WordPress uses these seven (or six) tables plus the two user tables to store all of the data about the Multisite network. Here's what each of them stores:

Table Data Notes
wp_blogs This field stores details each site in the network, so it only has one record for each site. Fields include blog_id, domain, registered (the data on which the site was created) and last_updated (again, a date).
wp_blog_versions The current database version for each site, updated when you update the network. Three fields: blog_id, db_version and last_updated
wp_registration_log The admin user created when each site is registered For each site (identified by blog_id), the table stores the user_id for the administrator, their email address and the date they registered.
wp_signups Stores data on sites which have been signed up for but not activated Fields include a unique signup_id for each record, the domain signed up for, the title, the user login and email address. Once a site is activated this record is deleted and a record is created in wp_blogs.
wp_site Stores the URL for the main site This table has only one record with three fields: the id of the main site (which will be 1), its domain and the path (normally /)
wp_sitemeta Stores metadata for the network This table is the equivalent of wp_options for the entire network. It contains all of the metadata relating to the network settings plus smaller amounts of metadata for individual sites. It has four fields:  a unique meta_id, site_id (which links to wp_blogs), meta_key and meta_value.
wp_sitecategories Optional table only created if global terms are enabled for a site. Enabling global terms allows you to use terms across multiple sites in the network. The table (if it is created), will have four fields: cat_ID, cat_name, category_nicename and last_updated. Note that this tables stores terms, not just categories, despite the field names.
wp_users Data on all users is stored here rather than for each site, as individual users can have access to multiple sites on the network. In a Multiste installtion WordPress creates two extra fields in the wp_users table: spam and deleted, both of which are Boolean values defaulting to NO.
wp_usermeta The wp_usermeta tables stores all metadata for all site users The table is used in the same way as for a single site installation.

Relationships Between the Tables

Most of these tables are related to the wp_blogs table via the blog_ID field, as all of the data needed for the sites in the network will need to be linked to the core site record.
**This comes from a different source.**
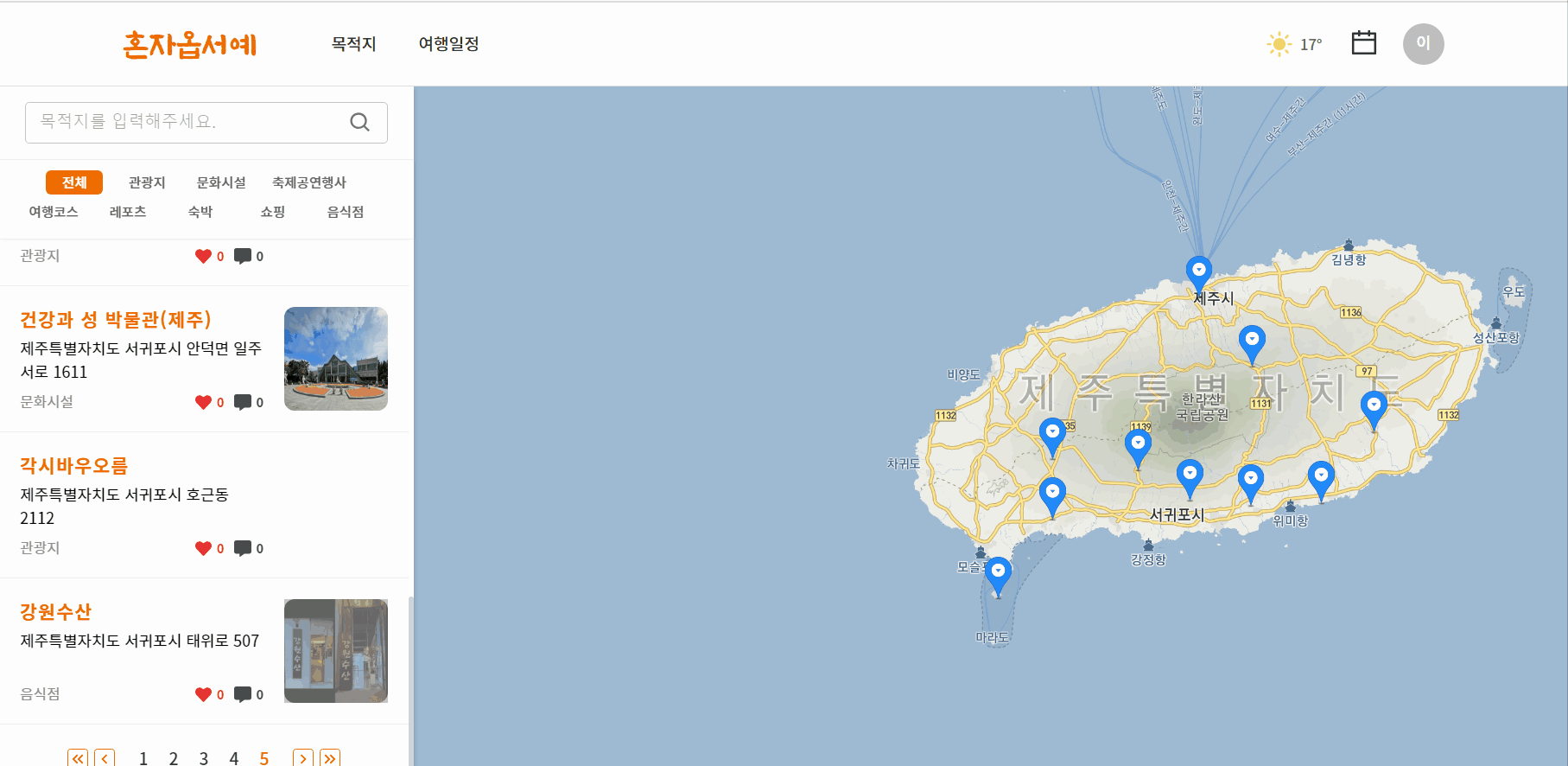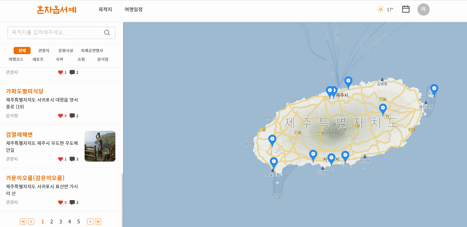 목적지 페이지는 제주도의 여행지 목록이 표시되는 목적지 리스트와, 이 목적지 리스트와 연동되어 해당 목적지(여행지)의 위치가 마커로 표시되는 지도로 구성되어 있다.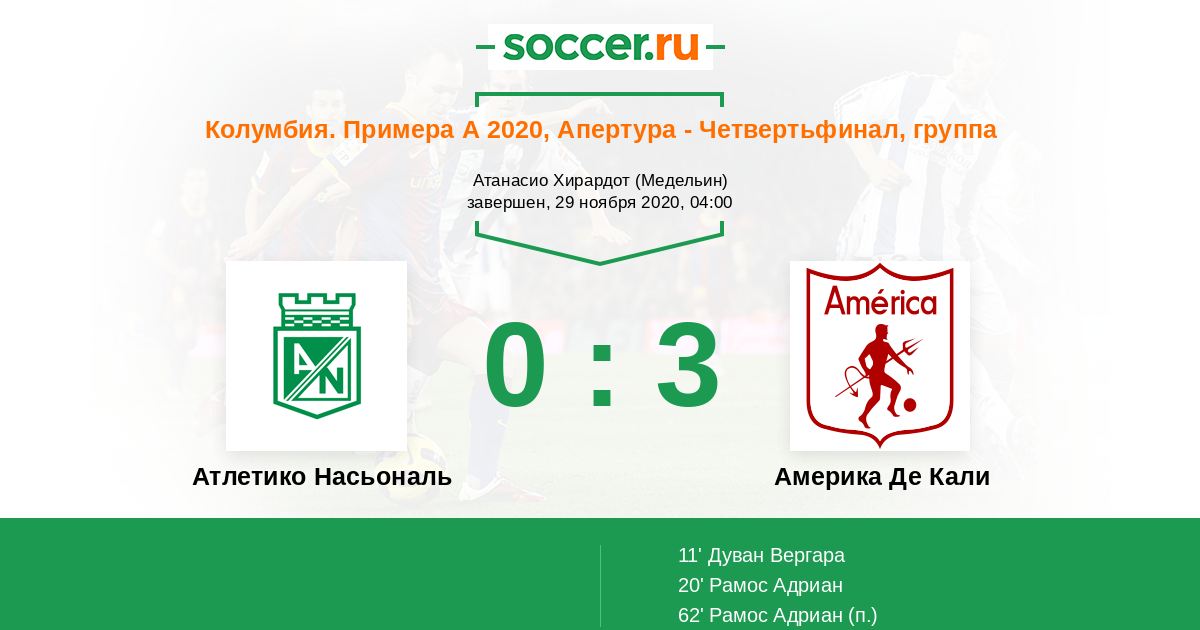 11' (0:1) Дуван Вергара (11) (Морено Сантьяго (30))

The excepts are:

  • wp_sitecategories, which links to posts and other content
  • wp_signups, as these aren't registered sites yet
  • wp_usermeta, which has an indirect link to wp_blogs via wp_users

For more detail on each of these tables and their fields, see the Codex page on the database.

Database Tables for Sites in a Network

The way in which WordPress stores the data for each of the sites in your network is fairly straightforward: it creates multiple copies of each of the database tables, one for each site. However it doesn't create additional copies of wp_users and wp_usermeta as these are all stored in the main table.

To differentiate between the tables for each site, WordPress adds the site ID to the table name, so for example for site 2, wp_posts becomes wp_2_posts.

Each site will have the following tables:

  • wp_xx_posts
  • wp_xx_postmeta
  • wp_xx_comments
  • wp_xx_commentmeta
  • wp_xx_links
  • wp_xx_term_relationships
  • wp_xx_term_taxonomy
  • wp_xx_terms
  • wp_xx_options

The xx above will be replaced by the numeric site ID. All of these tables store data in the same way for each site as they would if the site was a single site installation.


If you're manipulating, retrieving or moving data from a WordPress Multisite installation, it's important to understand the ways in which Multisite stores data differently from a Multisite installation. 

As I've shown, there are three main elements to this: tables used for the core site; tables used to store database about the network as a whole; and tables created for each new site. The structure of these is similar to a single site installation as long as you remember that the two tables storing data on users are not duplicated for each site.